If you fire a paper clip straight up into the air with a rubber band, its height (in feet) above your hand time t seconds is given by: h = 64t - 16t^2.


1) How long does it take the paper clip to reach its maximum height?

2) If your hand is 6 feet above the ground at "launch", what is the maximum height the paper clip attains?

3) At what 2 times is the paper clip traveling at a speed of 24 ft/sec?

4) What was the initial velocity imparted to the paper clip by the rubber band?

#1 as with any parabola, vertex is at t = -b/2a

#2 use the t from #1 and evaluate h(t)+6

#3 dh/dt = 64-32t
when is that 24 or -24?

#4 h(t) = vt-g/2 t^2

To solve these questions, we need to understand the equation h = 64t - 16t^2, which represents the height of the paper clip above your hand at time t seconds.

1) To find the time it takes for the paper clip to reach its maximum height, we need to determine the vertex of the parabolic equation. The vertex occurs at the maximum point of the parabola. The formula for finding the x-coordinate of the vertex is given by -b/2a in the equation ax^2 + bx + c = 0. In our case, the equation is -16t^2 + 64t. Comparing it with the general form, we can see that a = -16 and b = 64.
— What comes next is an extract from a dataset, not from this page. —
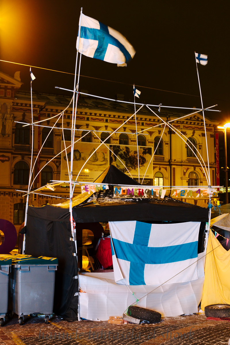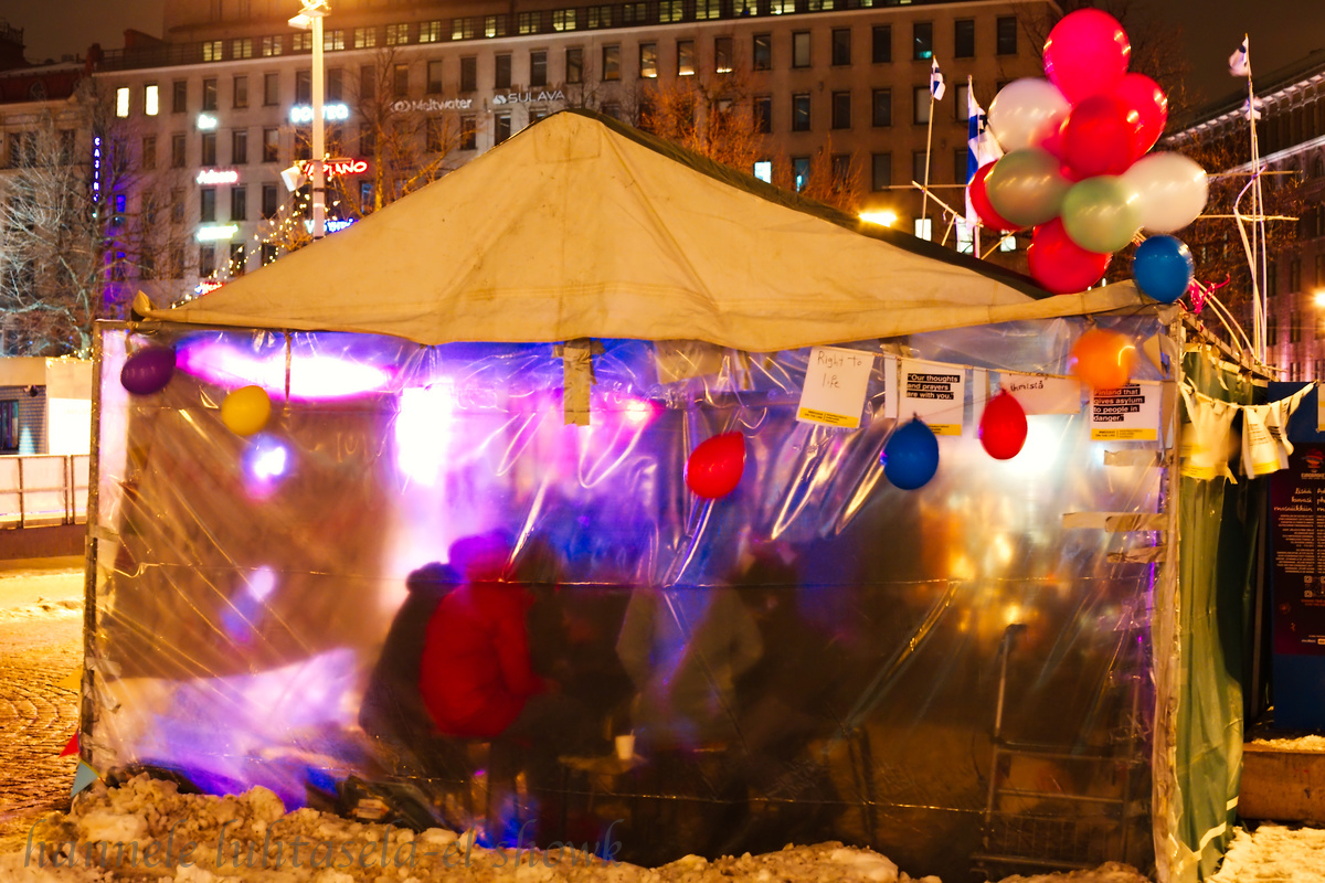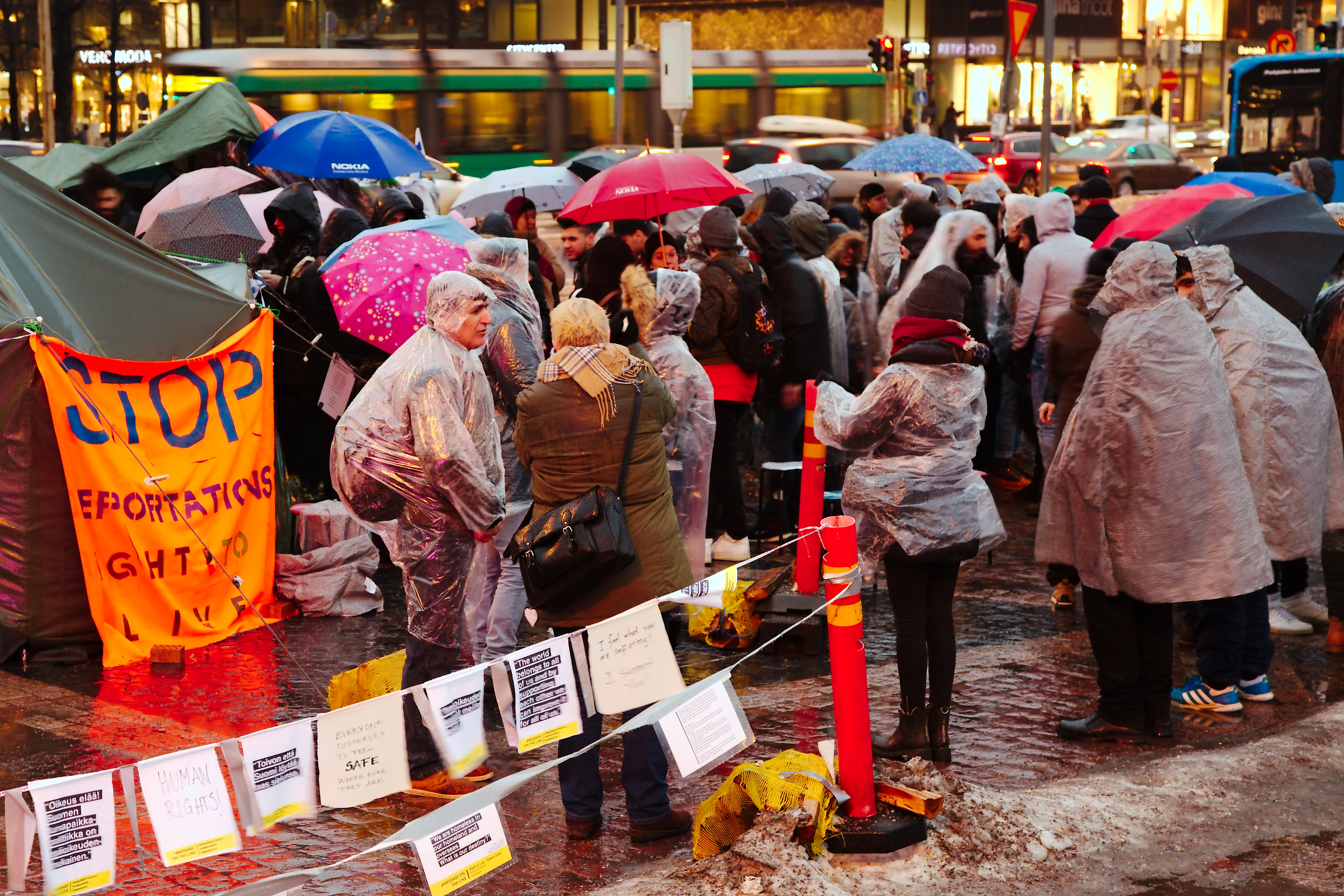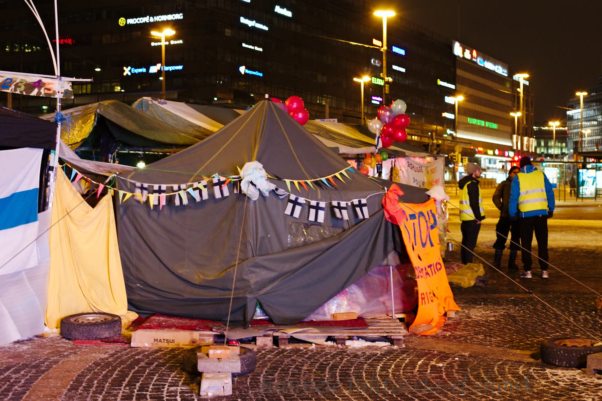 Demonstrationen mot en inhuman asylpolitik (Stop Deportations – Right to Live) har pågått i nästan en månad nu. Motdemonstrationen, Suomi Ensin (SE), har pågått lika länge. Först var demonstrationerna på varsin sida om Mannerheimvägen (asylsökandena utanför Kiasma och SE-gänget intill Glaspalatset) men förflyttades sedan till järnvägstorget, till varsin sida av isbanan.

So, the t-coordinate of the vertex is -b/2a = -64/(2*(-16)) = 64/32 = 2 seconds. Therefore, it takes 2 seconds for the paper clip to reach its maximum height.

2) To find the maximum height the paper clip attains, we substitute the value t = 2 into the equation.

h = 64t - 16t^2
h = 64(2) - 16(2^2)
h = 128 - 16(4)
h = 128 - 64
h = 64 feet

Thus, the maximum height the paper clip attains is 64 feet.

3) To find the times at which the paper clip is traveling at a speed of 24 ft/sec, we need to determine when the derivative of height with respect to time (dh/dt) is equal to 24.

Taking the derivative of the equation h = 64t - 16t^2, we get dh/dt = 64 - 32t. We set this derivative equal to 24 and solve for t:

64 - 32t = 24
-32t = 24 - 64
-32t = -40
t = (-40)/(-32)
t = 1.25 seconds

So, the paper clip is traveling at a speed of 24 ft/sec at t = 1.25 seconds.

To find the second time, we have -32t = -24 (similar equation as above, but with a different value). Solving for t:

t = (-24)/(-32)
t = 0.75 seconds

Thus, the paper clip is traveling at a speed of 24 ft/sec at t = 1.25 seconds and t = 0.75 seconds.

4) The initial velocity imparted to the paper clip by the rubber band can be determined by examining the coefficient of the linear term (t term) in the equation. In our equation h = 64t - 16t^2, the coefficient of the t term is 64.

Therefore, the initial velocity imparted to the paper clip by the rubber band is 64 ft/sec.